コネクレーンズ(Konecranes) :2026年7月9日
コネクレーンズは、世界有数のアルミニウム製錬会社であるアルミニウム・バーレーン(Aluminium Bahrain B.S.C.:Alba)から、バーレーンの製錬所に設置されている補助クレーン5基の近代化工事を受注した。受注は2026年1月に計上され、機器の納入は2026年末、据付工事は2027年初頭に開始する予定である。
今回の近代化は、溶融アルミニウムを製品へ加工する鋳造工場(Casthouse)および金型工場(Mould Shop)における安全かつ安定した操業を支えることが目的。これらの工程では生産の中断を避けることが重要であり、補助クレーン5基は日常の生産活動や材料搬送を担う重要設備となっている。

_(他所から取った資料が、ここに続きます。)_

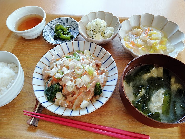 ・わかめ、太ネギの味噌汁

更新内容は、5基の補助クレーンの巻上装置(ホイスト)とトロリーシステムを重荷重仕様へ改造するもので、設備の信頼性向上と安全で連続的な生産体制の確保を図る。
コネクレーンズは、M8作業区分(Duty Class)に対応した新型の重荷重用トロリーユニットと電装システムを供給する。新構成では電動ドラムブレーキを追加搭載し、安全性をさらに高めるとともに、高頻度の巻き上げ作業や連続運転が求められる用途に対応する。
コネクレーンズのインダストリアルサービス部門営業マネージャー、イムティアズ・イスマイル(Imtiaz Ismail)氏は、「これらの補助クレーンはAlbaの生産工程を支える重要設備である。重荷重仕様への更新により、設備の信頼性向上と安全で継続的な操業に貢献できる」とコメントした。
Albaはコネクレーンズの長年の顧客であり、同製錬所では複数の生産エリアに同社の搬送設備が導入されている。今回の近代化プロジェクトは、両社の継続的な協力関係をさらに強化する案件となる。
コネクレーンズ(Konecranes) はフィンランドに本社を置くマテリアルハンドリング機器の大手メーカー。50カ国以上で約1万6,500人を擁し、クレーンや搬送設備、保守サービスを幅広い産業分野へ提供している。2025年のグループ売上高は42億ユーロ。ナスダック・ヘルシンキ(Nasdaq Helsinki)に「KCR」の銘柄コードで上場している。